Final answer:
The sum of the next three terms of the geometric progression, given the sums of the first six terms, can be found using the common ratio. The correct option for the sum of the next three terms in this G.P. is C 4016/7.
Step-by-step explanation:
Given that the sum of the first three terms of a geometric progression (G.P.) is 16 and the sum of the next three terms is 128, we need to determine the sum of the following three terms of the G.P.

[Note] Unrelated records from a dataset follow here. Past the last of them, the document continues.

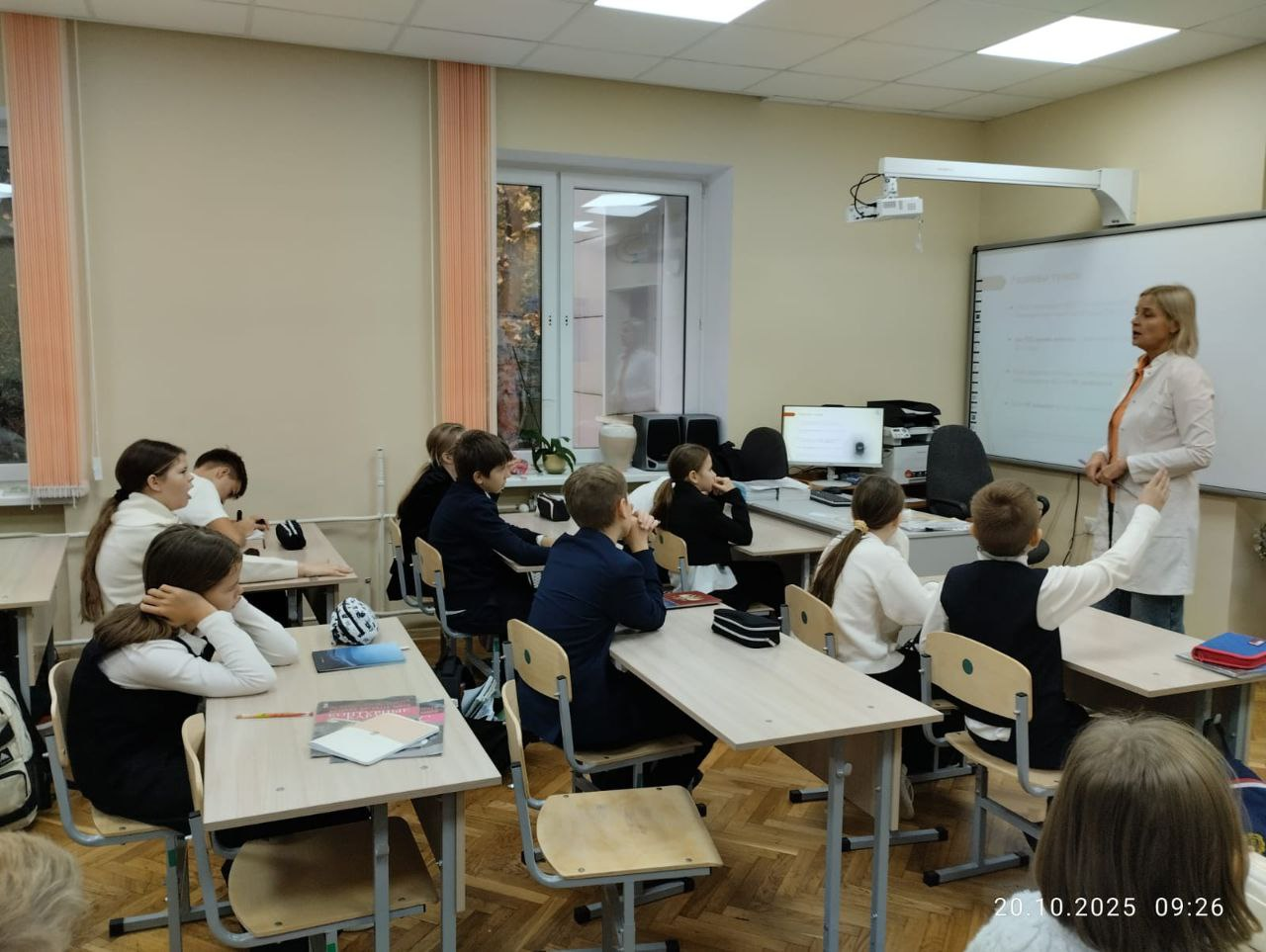 20 октября 2025 года в ФГБОУ СОШ №1699 Управления делами Президента Российской Федерации врач - методист ФБУЗ «Центр гигиенического образования населения» Роспотребнадзора Анастасия Владимировна Шалунова провела урок здоровья для учащихся 5 класса о вреде курения «Курение или здоровье - сделайте правильный выбор!».
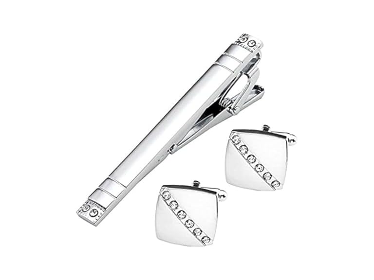 - MATERIAL—This Mens Cufflinks and Tie Clip Set is made out of brass and plated in a polished rhodium for strength and durability.These sturdy cufflinks are able to withstand the effects of denting and fading,So they stay looking like new,Even after continual use.
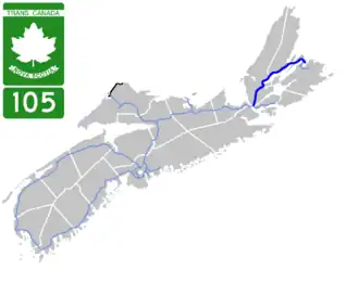Highway 105 in Nova Scotia represents the Cape Breton Island leg of the Trans-Canada Highway. It runs from the Port Hastings Rotary just east of the Canso Causeway in Port Hastings to the Marine Atlantic ferry terminal in North Sydney, representing a distance of 142 kilometres (88 mi).[1]
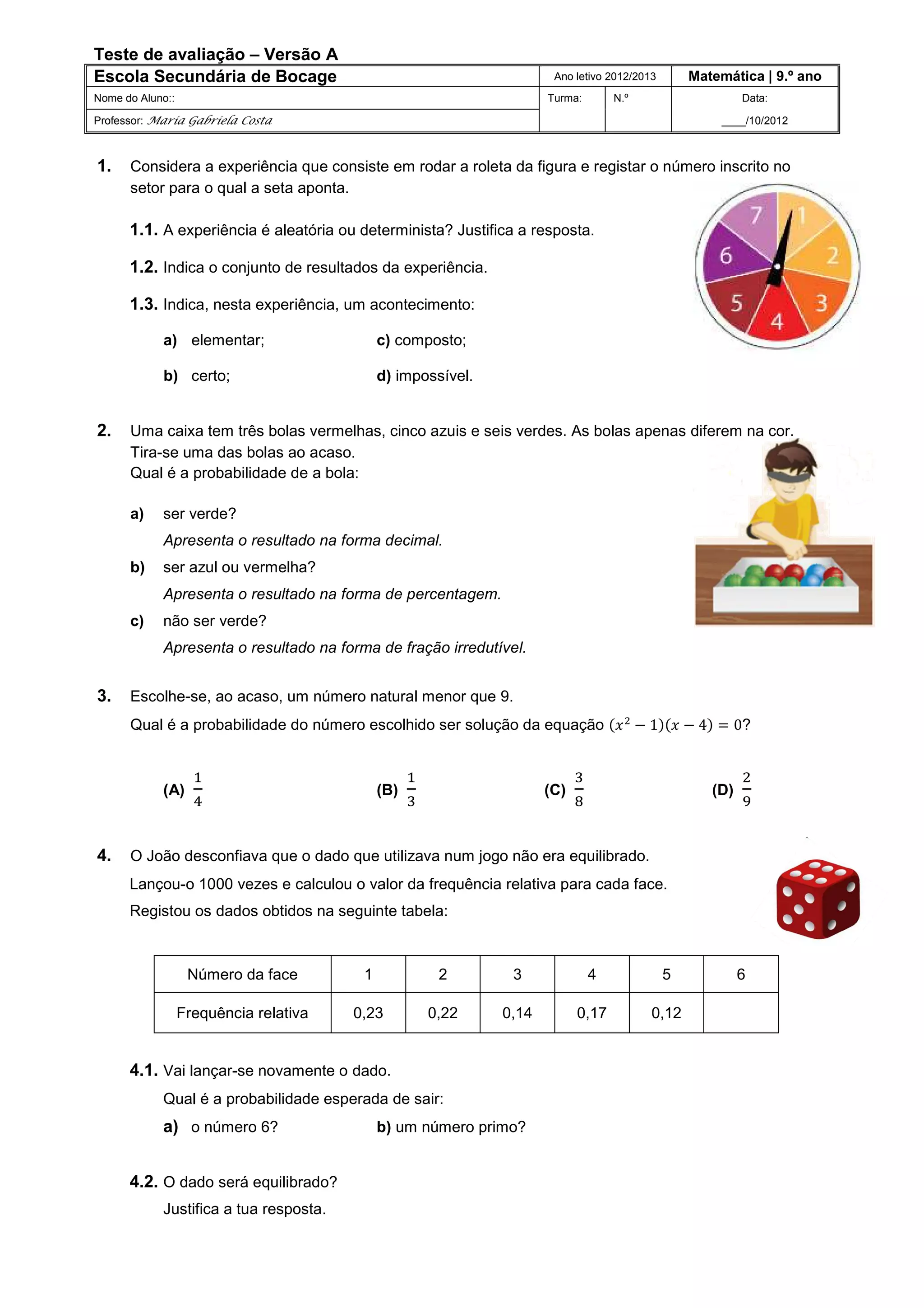 Este documento apresenta um teste de avaliação de matemática do 9o ano com 12 questões sobre probabilidade e estatística. As questões abordam tópicos como experiências aleatórias, espaços amostras, probabilidades, diagramas de Venn, lançamento de dados e distribuição aleatória de itens. O teste avalia a compreensão dos conceitos básicos de probabilidade e a habilidade de cálculo de probabilidades.
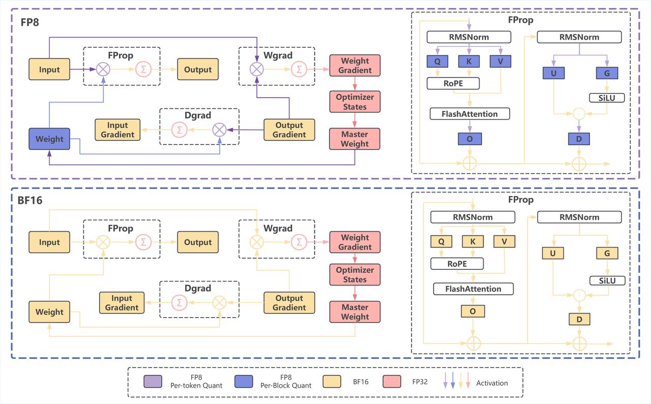 - Hybrid-Granularity Quantization: InfiR2 implements finer-grained FP8 quantization for computationally intensive operators, as shown in Figure 1: -For Linear/GEMM operations, it applies block-wise quantization to weights and token-wise quantization to activations. This balances accuracy with computational speed to fully leverage the hardware value of Tensor Cores. -For critical components like Master Weights, Optimizer States, and Gradient Accumulation, it employs a high-precision strategy for direct optimization and updates, effectively providing a "safety belt" for the most crucial parts of model training.
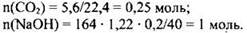 Пример 21. Углекислый газ объёмом 5,6 л (н.у.) пропустили через 164 мл 20%-ного раствора гидроксида натрия (ρ = 1,22 г/мл). Определите состав и массовые доли веществ в полученном растворе.
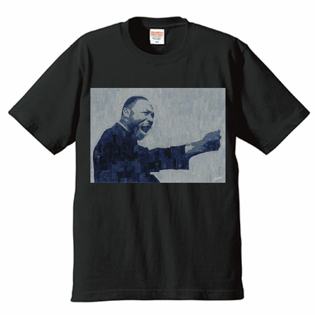 This T-shirt features an original artwork crafted from hand-pieced indigo-dyed fabric, inspired by one of history’s greatest voices for peace and equality.
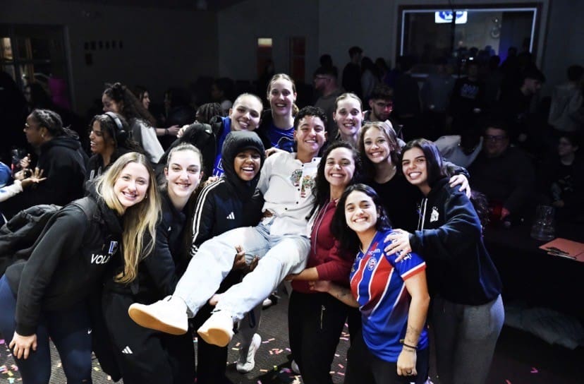 Lindsey Wilson University student Lara Moraes Lima Dorea ’29 of Salvador, Brazil, center, celebrates with friends after finishing in second place of the 2026 “Lindsey Idol” on Thursday, Feb. 26, in the university’s Norma and Glen Hodge Center for Discipleship.
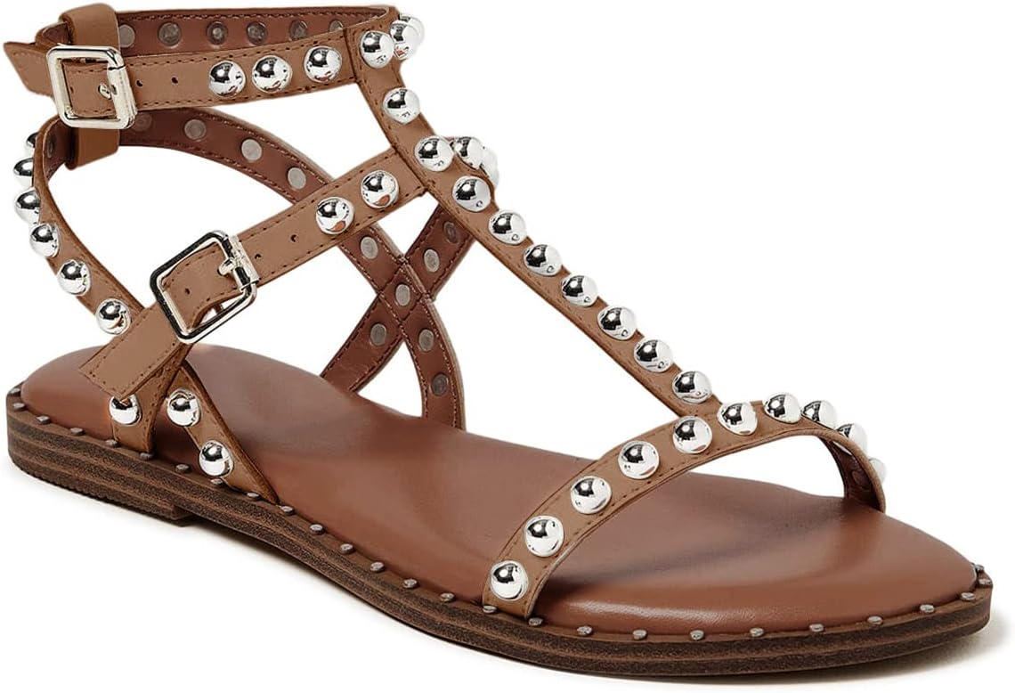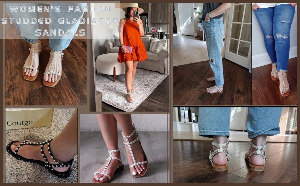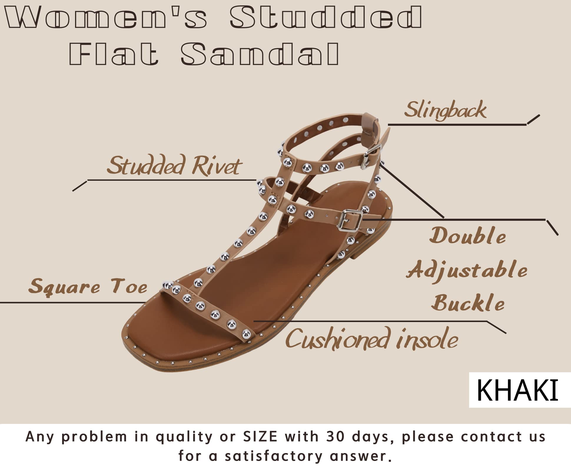SIZE: 39 - Coutgo Womens Strappy Gladiator Flat Sandal Square Open Toe Studded T Strap Rivet Slingback Buckle Beach Sandals
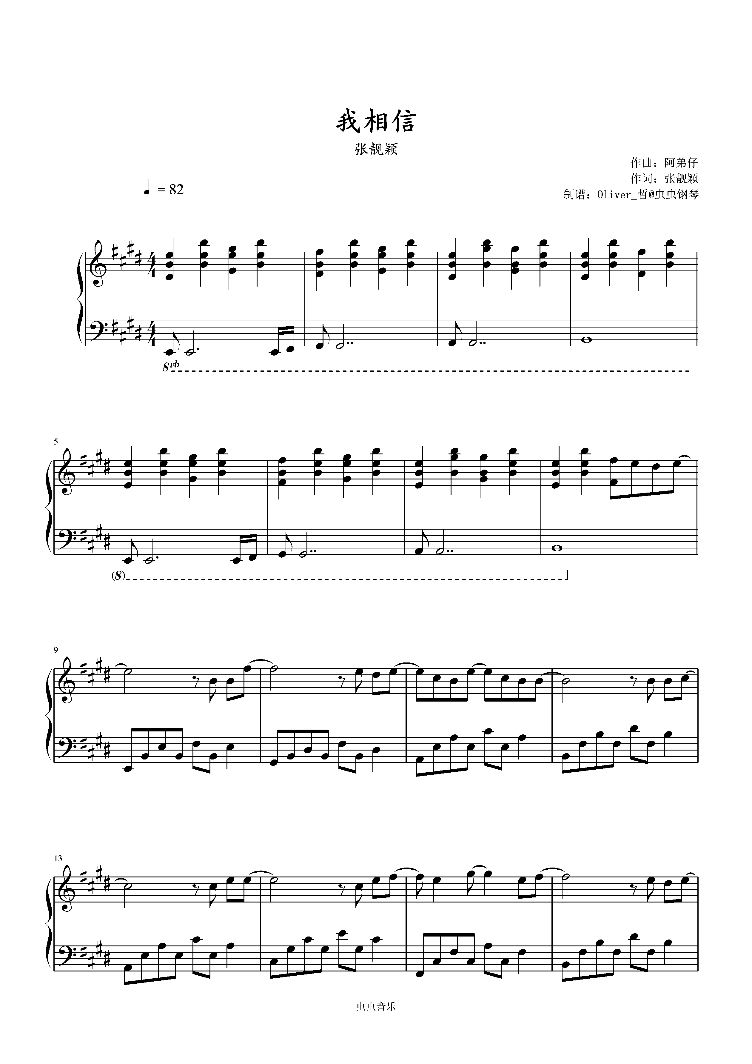 钢琴谱:我相信-张靓颖 原调精编简易版 经典怀旧 好听易弹
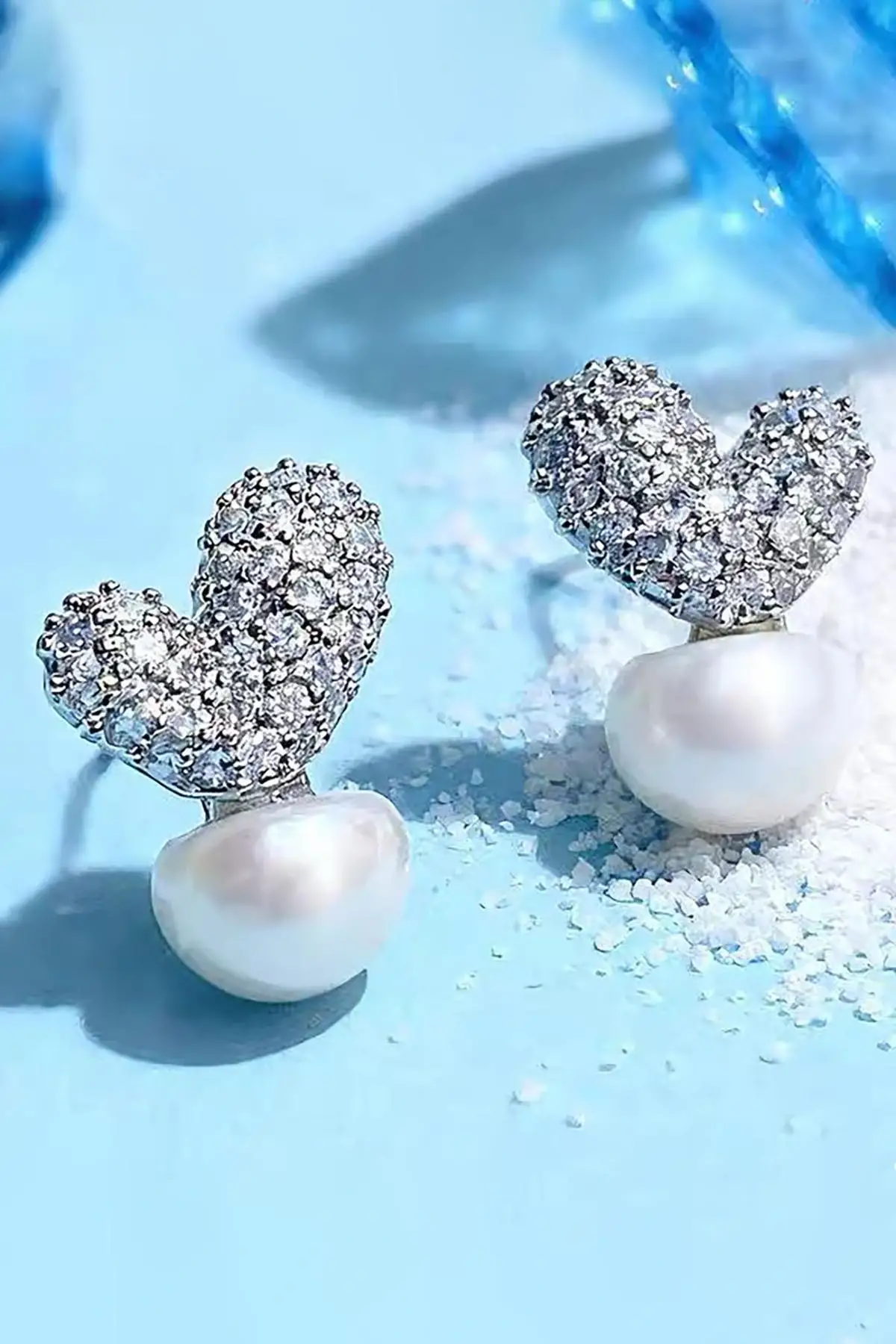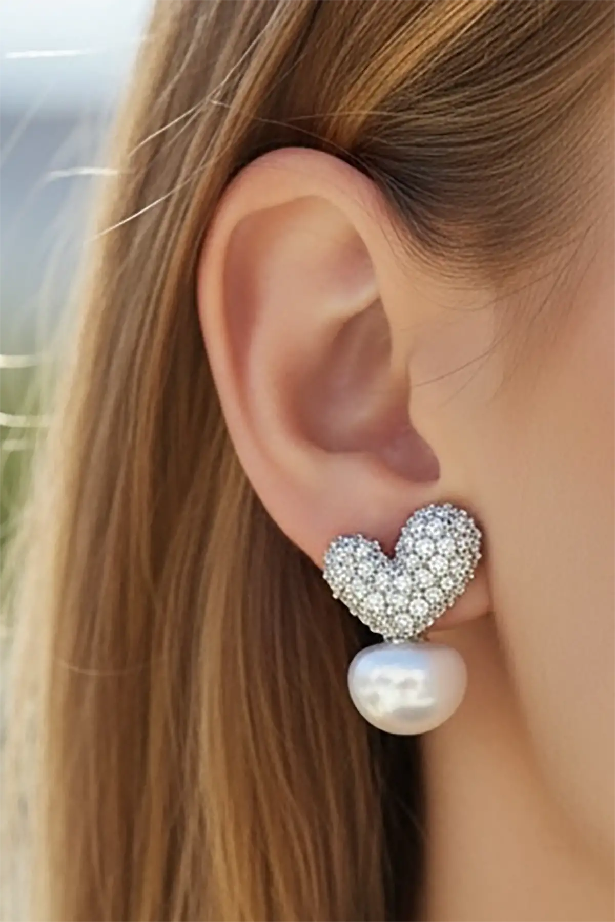 Gümüş Renk Kalp Figürlü Taş Ve İnci Detaylı 14K Altın Kaplama Küpe (Çift)
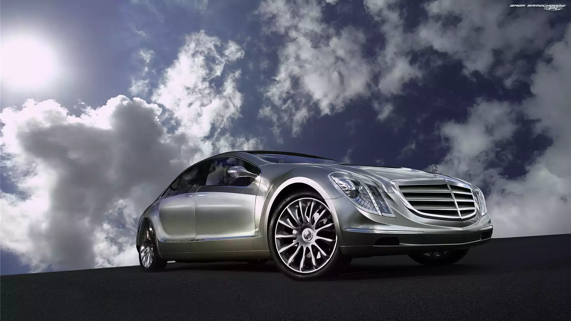 Mercedes, Srebrny, Chmury, Niebo, Samochód, Benz- Zdjęcia samochodów
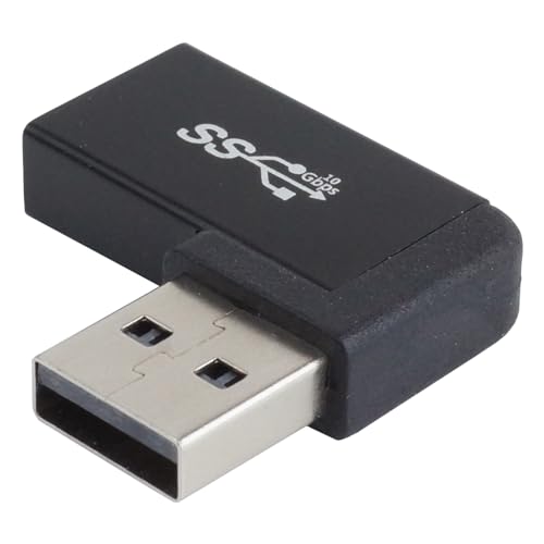 USB 3.2変換アダプタL型。USB Type-Aオスからメスに変換。90度角度変換でデータ転送に対応。左向き設計。モデルPR-USBA-LR1-H。
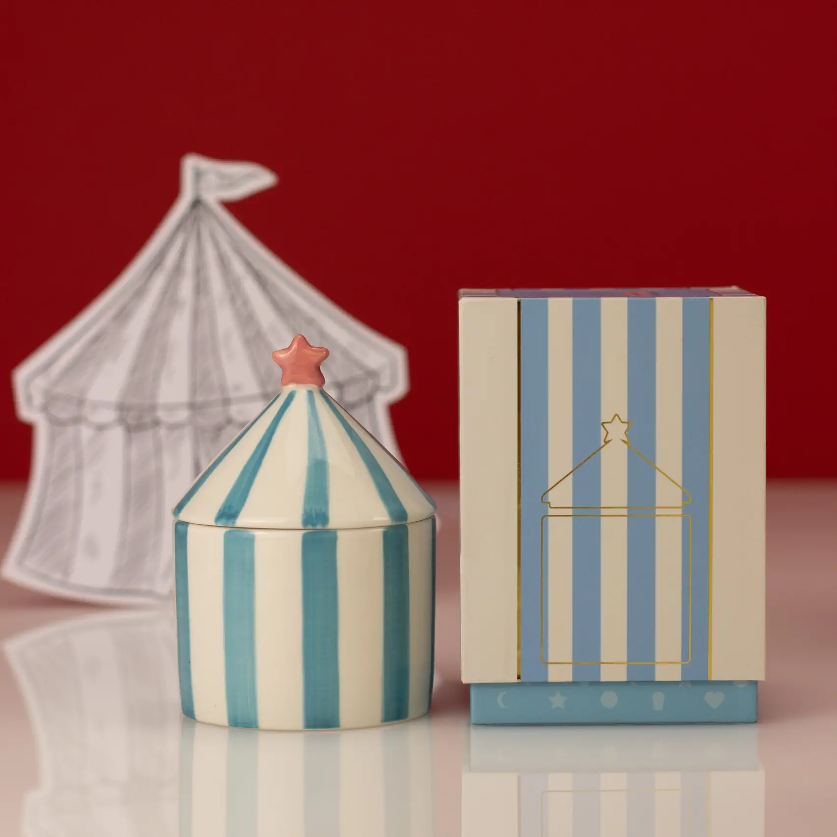 Logée dans un contenant en céramique rayé inspiré d’un chapiteau de cirque classique, la Bougie cirque – Bleue avec couvercle apporte un charme ludique grâce à ses rayures tendance qui valorisent n’importe quel espace. Faisant partie de la collection Cirque, elle est autant un objet décoratif qu’une bougie. Une fois que le mélange parfumé frais s’est consumé, le pot peut être réutilisé comme boîte souvenir ou élément de décoration.

Let's denote the first term of the G. P. as a and the common ratio as r. The first three terms of the G.P. can be expressed as a, ar, ar^2 and their sum is given by a + ar + ar^2 = 16. Similarly, the next three terms are ar^3, ar^4, ar^5 and their sum is ar^3 + ar^4 + ar^5 = 128. By dividing the second sum by the first, we get r^3. This means:
(ar^3 + ar^4 + ar^5) / (a + ar + ar^2) = 128/16.
Solving the equation above, we see that r^3 = 8, which implies r = 2. The sum of the following three terms will be ar^6 + ar^7 + ar^8.
By using the common ratio r = 2, we can express the sum of these three terms as ar^6(1 + r + r^2), which simplifies to ar^6 * 7. We already know that ar^3 = 64 (since it's the first term of the second sum of three terms), so ar^6 = (ar^3)^2 = 4096.
Finally, the sum of the next three terms is 4096 * 7 = 28672. Hence, the correct option is C 4016/7.